→ Data shown

———

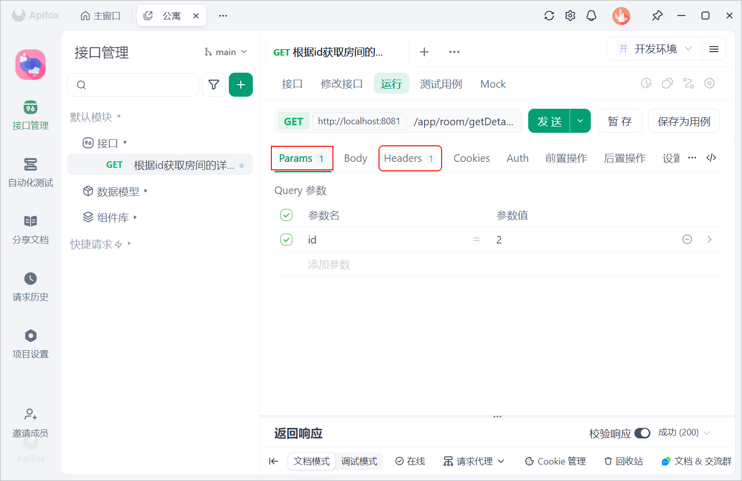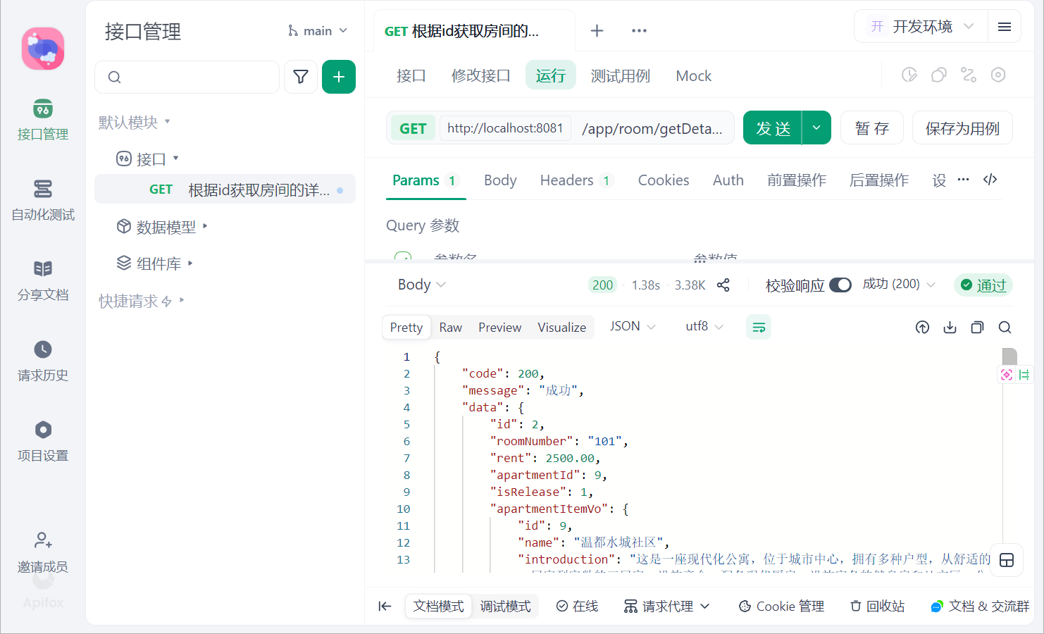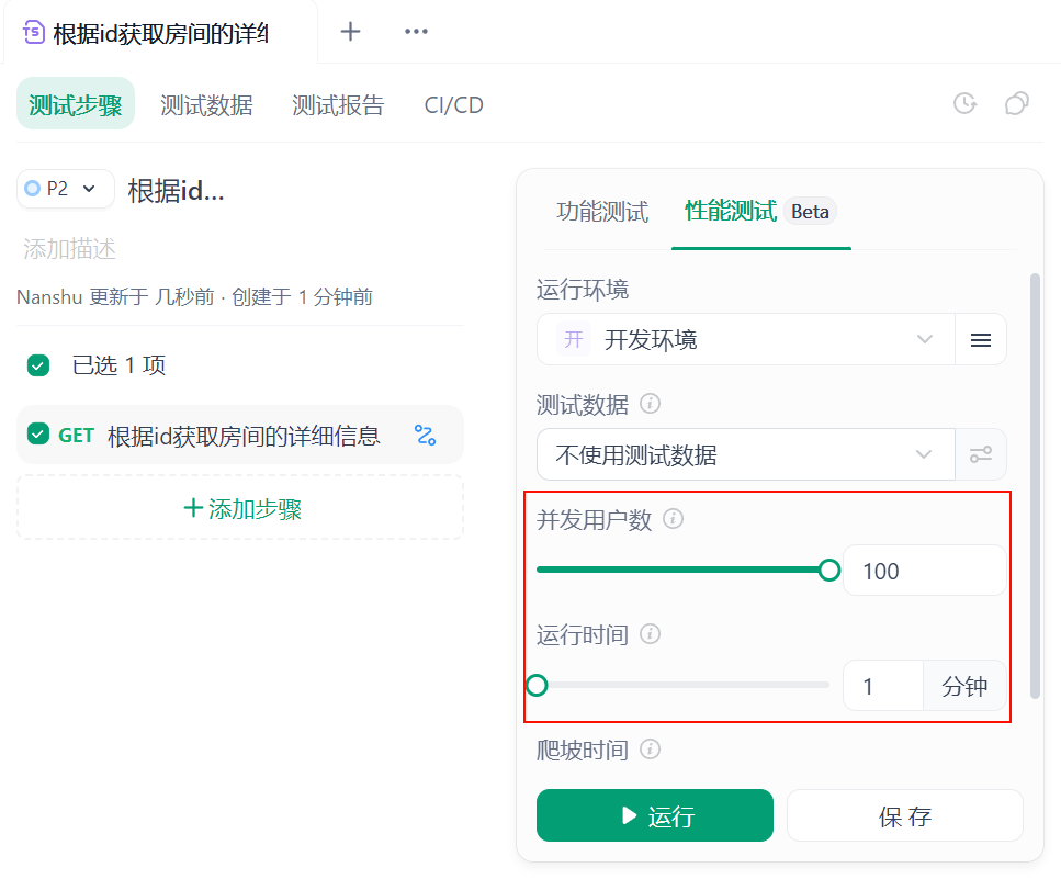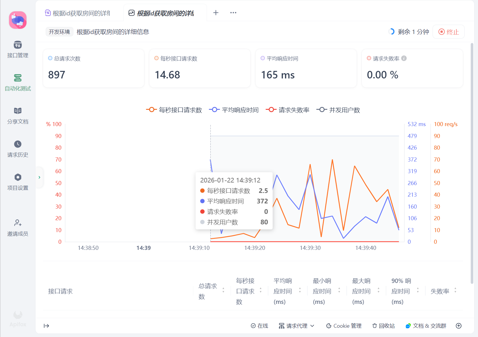 Apifox对根据ID获取房间详情这个接口进行压力测试
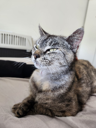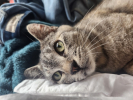 J’adore qu’on me caresse le menton surtout en me prélassant sur un plaid tout doux. Mon pelage, à première vue gris, est riche de différentes teintes qui émerveilleront vos yeux.![]()
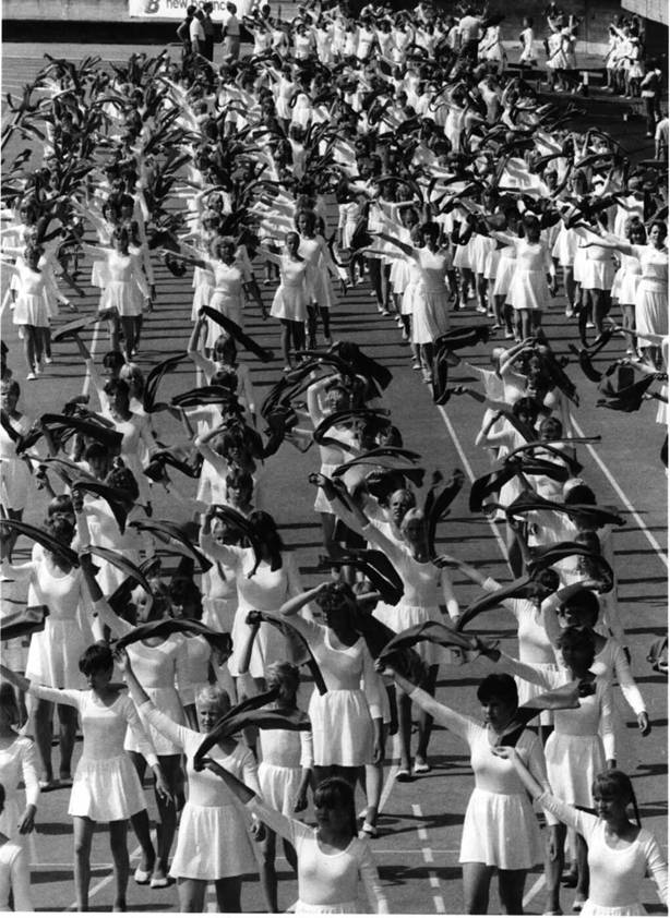 Naisia TUL:n 65-vuotisjuhlissa Tampereella 17.6.1984. TUL 84-marssi päättyi Ratinaan. Juhlat vetivät paikalle 25 000 osanottajaa.
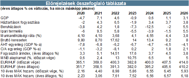 Az inflációs cél elérése időben kitolódott, számításaink szerint legkorábban 2026-ban süllyedhet újra az infláció a jegybank 2-4 százalék közötti toleranciatartományába.

———

→ Work to be completed
All text in the material above must be written out exactly; the images are to be skipped.

→ Output
 Apifox对根据ID获取房间详情这个接口进行压力测试
 J’adore qu’on me caresse le menton surtout en me prélassant sur un plaid tout doux. Mon pelage, à première vue gris, est riche de différentes teintes qui émerveilleront vos yeux.![]()
 Naisia TUL:n 65-vuotisjuhlissa Tampereella 17.6.1984. TUL 84-marssi päättyi Ratinaan. Juhlat vetivät paikalle 25 000 osanottajaa.
 Az inflációs cél elérése időben kitolódott, számításaink szerint legkorábban 2026-ban süllyedhet újra az infláció a jegybank 2-4 százalék közötti toleranciatartományába.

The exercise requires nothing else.